▶ [Exercise instructions]: Take the data below and extract the lines from the one with "1002- وللبخاري عن" to the one with "Adaptor apa baterie", inclusive, exactly as written.

▶ [Input material]:
------------------------------------------------------------
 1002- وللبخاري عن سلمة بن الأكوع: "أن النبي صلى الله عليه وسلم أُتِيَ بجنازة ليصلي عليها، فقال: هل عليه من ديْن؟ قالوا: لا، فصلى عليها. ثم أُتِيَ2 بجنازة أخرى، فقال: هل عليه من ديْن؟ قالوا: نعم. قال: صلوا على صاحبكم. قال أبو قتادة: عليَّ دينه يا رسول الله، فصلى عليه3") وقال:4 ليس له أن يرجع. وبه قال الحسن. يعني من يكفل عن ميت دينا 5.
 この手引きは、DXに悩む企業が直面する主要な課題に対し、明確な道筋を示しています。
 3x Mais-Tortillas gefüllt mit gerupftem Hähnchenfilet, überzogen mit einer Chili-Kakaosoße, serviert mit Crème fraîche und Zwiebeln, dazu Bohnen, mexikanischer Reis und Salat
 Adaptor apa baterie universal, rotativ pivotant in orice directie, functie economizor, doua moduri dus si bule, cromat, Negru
------------------------------------------------------------
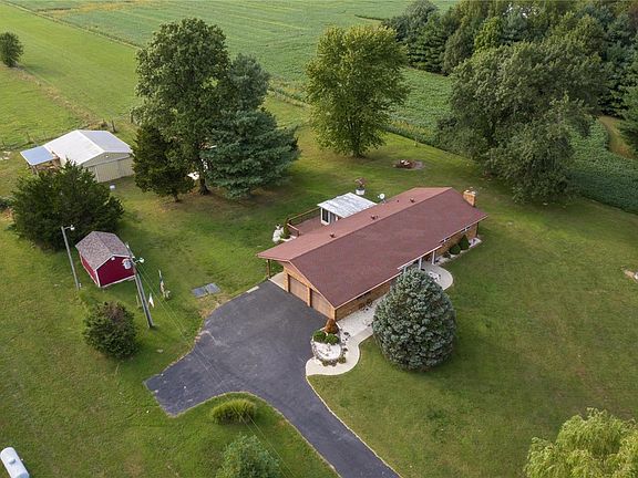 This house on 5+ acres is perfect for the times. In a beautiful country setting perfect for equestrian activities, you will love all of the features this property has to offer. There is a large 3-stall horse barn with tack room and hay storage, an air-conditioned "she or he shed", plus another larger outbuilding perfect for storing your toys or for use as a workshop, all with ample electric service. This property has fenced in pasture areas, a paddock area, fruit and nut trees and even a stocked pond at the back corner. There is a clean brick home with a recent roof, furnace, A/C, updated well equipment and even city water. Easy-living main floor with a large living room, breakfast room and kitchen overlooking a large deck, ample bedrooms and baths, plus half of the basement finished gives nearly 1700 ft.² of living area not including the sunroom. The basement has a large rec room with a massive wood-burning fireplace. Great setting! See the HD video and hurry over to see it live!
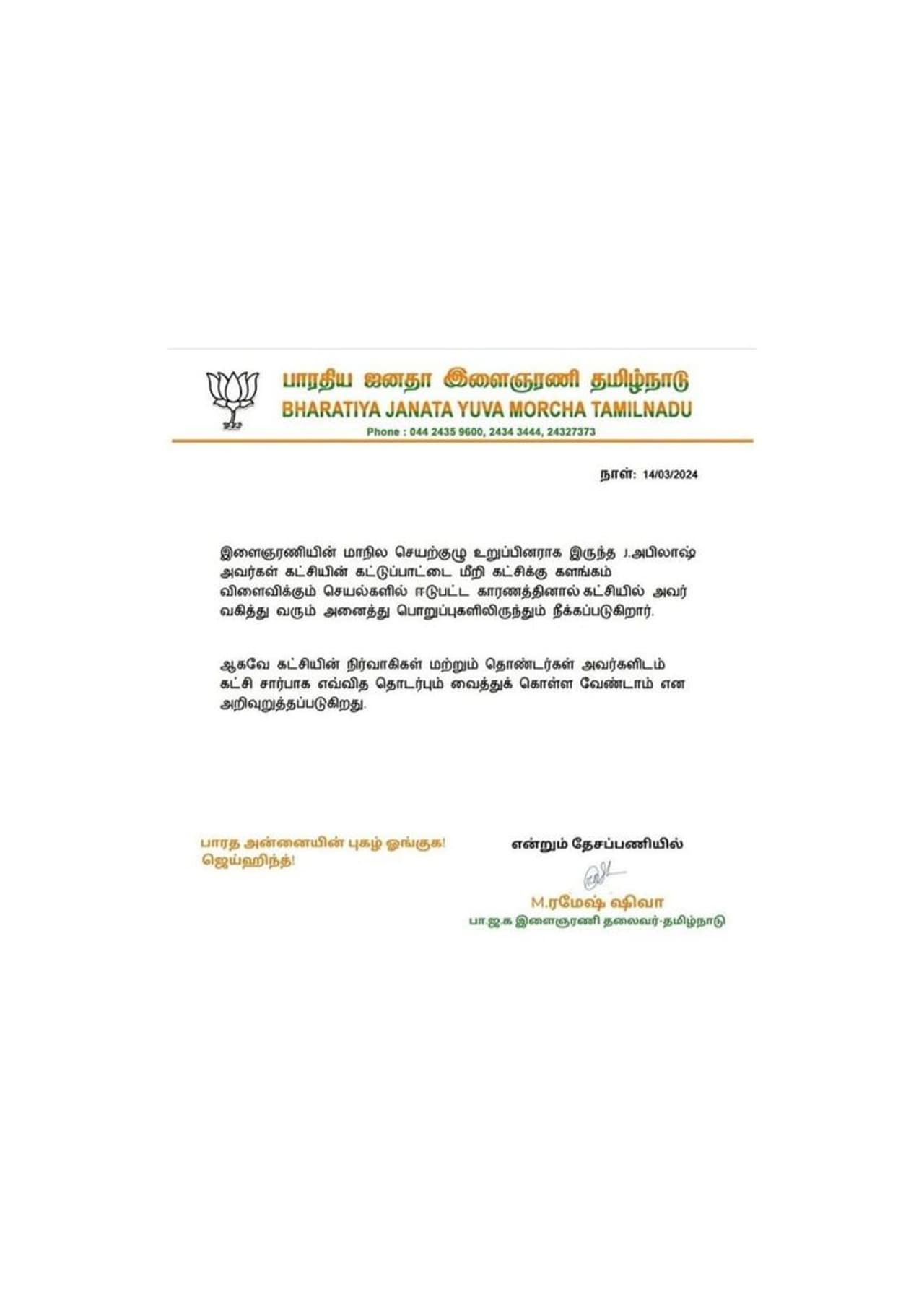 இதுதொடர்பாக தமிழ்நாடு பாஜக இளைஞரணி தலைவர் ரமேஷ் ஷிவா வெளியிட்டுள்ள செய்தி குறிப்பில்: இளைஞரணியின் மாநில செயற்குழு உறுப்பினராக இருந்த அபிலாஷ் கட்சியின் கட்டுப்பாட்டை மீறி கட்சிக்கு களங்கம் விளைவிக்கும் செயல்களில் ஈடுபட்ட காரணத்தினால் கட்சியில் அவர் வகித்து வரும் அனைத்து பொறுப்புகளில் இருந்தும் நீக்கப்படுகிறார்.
------------------------------------------------------------
▶ [Written solution]:
 1002- وللبخاري عن سلمة بن الأكوع: "أن النبي صلى الله عليه وسلم أُتِيَ بجنازة ليصلي عليها، فقال: هل عليه من ديْن؟ قالوا: لا، فصلى عليها. ثم أُتِيَ2 بجنازة أخرى، فقال: هل عليه من ديْن؟ قالوا: نعم. قال: صلوا على صاحبكم. قال أبو قتادة: عليَّ دينه يا رسول الله، فصلى عليه3") وقال:4 ليس له أن يرجع. وبه قال الحسن. يعني من يكفل عن ميت دينا 5.
 この手引きは、DXに悩む企業が直面する主要な課題に対し、明確な道筋を示しています。
 3x Mais-Tortillas gefüllt mit gerupftem Hähnchenfilet, überzogen mit einer Chili-Kakaosoße, serviert mit Crème fraîche und Zwiebeln, dazu Bohnen, mexikanischer Reis und Salat
 Adaptor apa baterie universal, rotativ pivotant in orice directie, functie economizor, doua moduri dus si bule, cromat, Negru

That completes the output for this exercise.